Мир приключений 1984 г.
Шрифт:
— Это лучше спырт, — обиженно затараторил Еникеев, — лучше. Я сам у русский мужик, когда покупал, видел: горит лучше спырт.
— Гм, светлая, первач? — Подпоручик еще раз взглянул на две соблазнительные бутылки, затем на офицеров. — А ну пробуй, болван.
— Ой, нельзя мне, господин полковник, нельзя. Аллах сердит будет.
— Пей, говорю. Вот идиот! Да не из бутылки, ты что, ошалел? Вон кружка у тебя, только немножко, смотри…
Еникеев, морщась и всем своим видом выражая крайнюю степень отвращения, несколько раз быстро глотнул
— Не нравится татарам русский первач, — усмехнулся штабс-капитан. — Возьмите-ка бутылки, подпоручик. А что, не перекусить ли нам, господа? С самого рассвета болтаемся…
Раздались одобрительные возгласы. Подпоручик быстро сунул бутылки в свои седельные сумки и вскочил в седло.
— А это, — ткнул он стеком в сторону распотрошенной котомки, — можешь забирать к своему профессору. И проваливайте отсюда, живо — пока целы!
Разъезд повернулся и на рысях направился к деревне.
— Ф-фу, пронесло, — облегченно вздохнул Садык. — Пошли скорей, Казань совсем близко.

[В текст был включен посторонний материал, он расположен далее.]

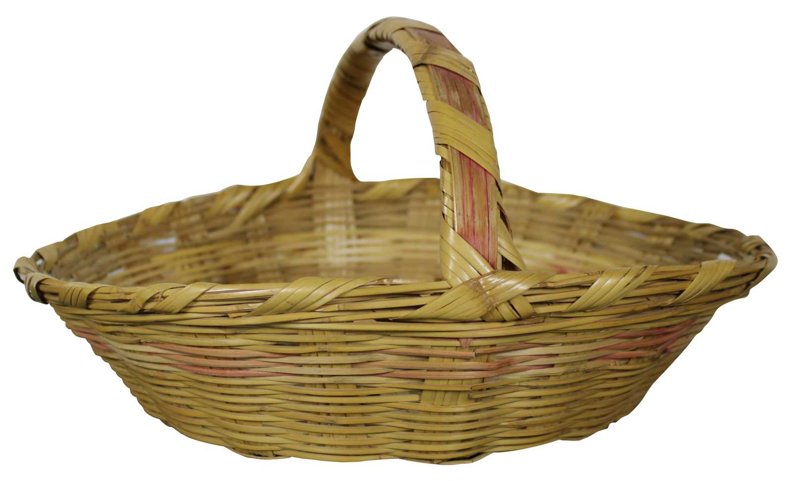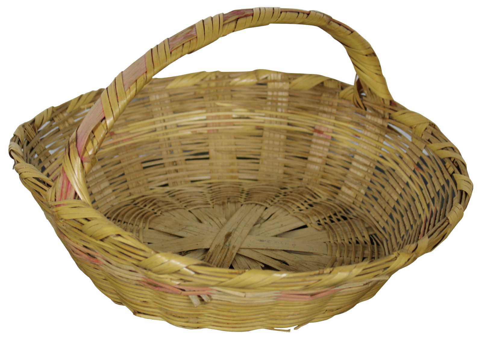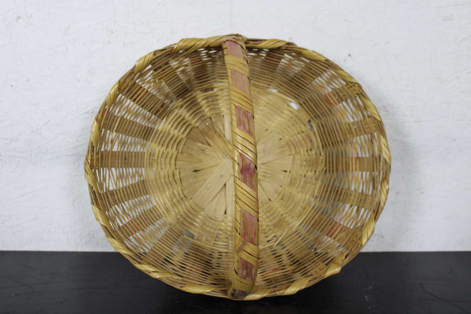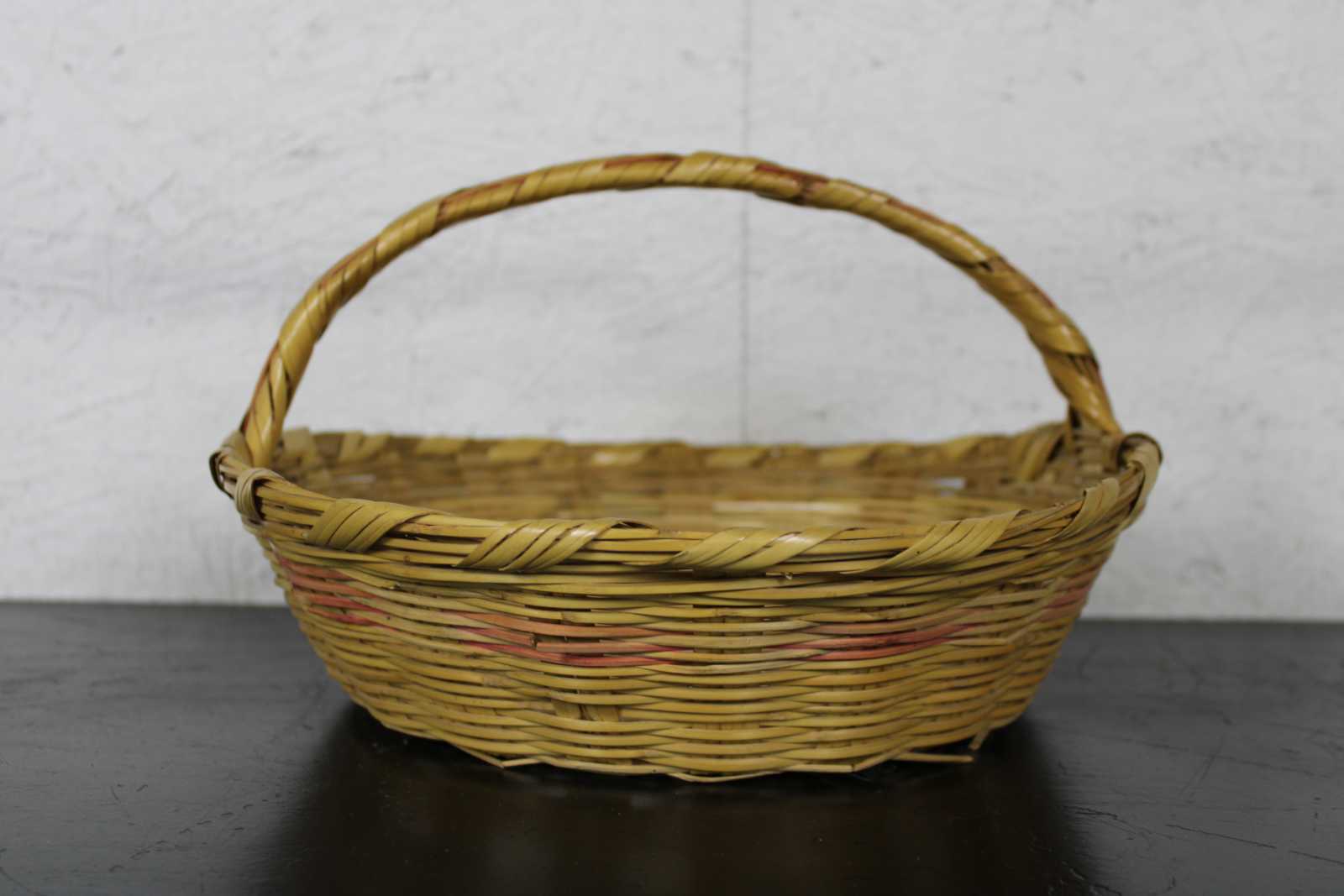 Vintage split wood wicker basket with a low oval shape and stained pink accents.

Бойцы армии революции оставляли Симбирск под жестоким натиском значительно превосходившего по силам врага. До последнего патрона сражались отряды молодой Красной Армии. Бронепоезд под командованием Полупанова стал у входа на огромный мост через Волгу и своей единственной пушкой долго сдерживал белогвардейцев, пока были снаряды. Затем его команда взорвала бронепоезд. А оборонявшийся тут же, у моста, отряд симбирских коммунистов погиб целиком. Враги уже подняли мятеж и в самом городе. Успев захватить в интендантских складах оружие, они открыли стрельбу на улицах.

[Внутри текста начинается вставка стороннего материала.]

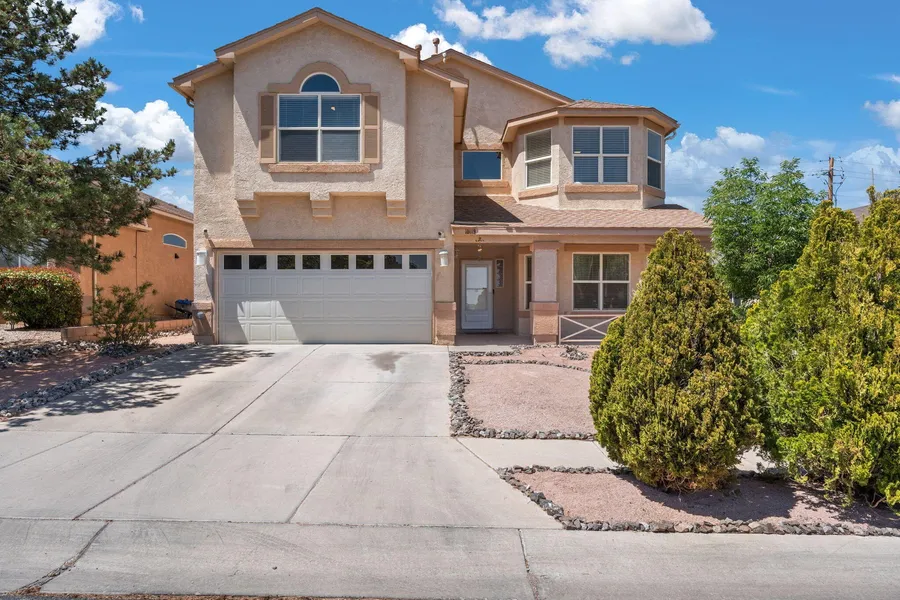 Located in a desirable gated community with quick access to I-25 and I-40, this beautifully updated 4-bed, 3-bath home offers generous living space and stylish upgrades. Enjoy two spacious living areas and a versatile loft perfect for a home office or playroom. The kitchen features a stunning tile backsplash, under-cabinet lighting, and newer flooring throughout. Stay comfortable with refrigerated air, and take advantage of the upgraded electrical panel and EV charging port. The backyard is low-maintenance and includes a dedicated dog run. The oversized primary suite is your private retreat, complete with a spa-like bath, soaking tub, and a large walk-in closet. Schedule your private showing today!! You do not want to miss out!!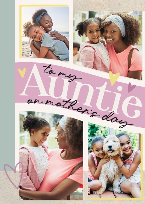 Front of card: Features 4 photo upload areas, surrounded by hearts. The card has a pastel and neutral colour scheme. Text reads: "To my Auntie on Mother's Day."

Часам к десяти утра 22 июля перестрелка почти утихла. С юго-запада в город вступили сытые, хорошо обмундированные, вымуштрованные отряды каппелевцев, проносились на рысях белоказаки, громыхала артиллерия. Снизу, с Волги, поднимались белочехи. Всех их радостно встречали на улицах те, кто прятался от большевиков. Церкви гремели праздничным перезвоном, светились тысячами свечей торжественных молебнов. Но ни приветственные крики, ни церковный звон не могли заглушить выстрелов и стонов. Зверски расправлялись белые с коммунистами, рабочими, красноармейцами, не успевшими уйти из города…
— А железнодорожник тот знакомый уже второй день застреленный на улице валяется, — рассказывал сторож швейной фабрики Федор Кузьмич Асафьев своей заведующей Евдокии Борисовне Ромашовой. — И убирать его не дозволяют. Убили-то его прямо на жениных глазах. И все ходят и ходят по домам — ищут советских.

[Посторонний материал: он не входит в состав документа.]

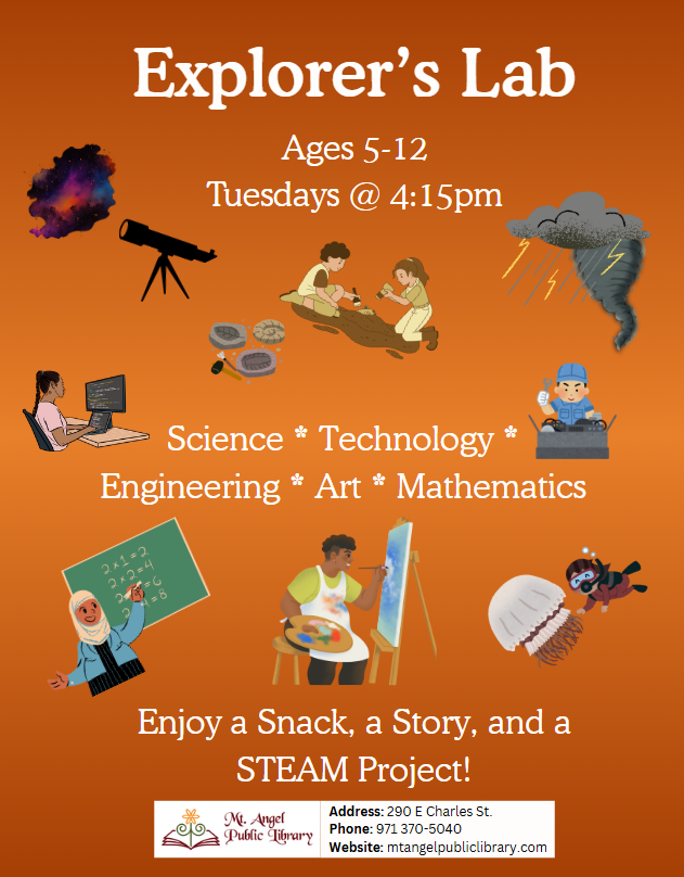 Tuesdays @ 4:15pm: Explorer’s Lab (Ages 5-11): Listen to a story about our monthly theme, join in a Science, Technology, Engineering, Art, or Math project, and enjoy a snack. Once a month we learn how to cook!

Евдокия Борисовна слушала, замирая от ужаса. Как там ее дети, муж, родители? Сама она решила не уходить из города и после долгих раздумий спряталась у Федора Кузьмича. Старик жил один в небольшом домике на Бутырках, буквально в нескольких саженях от реки Свияги. В этот глухой угол редко кто заглядывал, только женатый
Длинно, нудно тянулись для нее эти жаркие летние дни. Она почти не выходила днем из дому, вымыла стены и полы, почистила Кузьмичу его нехитрое кухонное хозяйство, готовила обед, но голову все время сверлили одни и те же навязчивые мысли: как дети и муж? Что с Андреем? Уцелело ли спрятанное солдатское сукно? Когда вернутся наши? Ответов нет и нет, а дни тянутся, тянутся…
Первое время сторож тоже отсиживался дома — ладил лодку, рыболовные снасти. А потом зачастил в центр и стал приносить новости.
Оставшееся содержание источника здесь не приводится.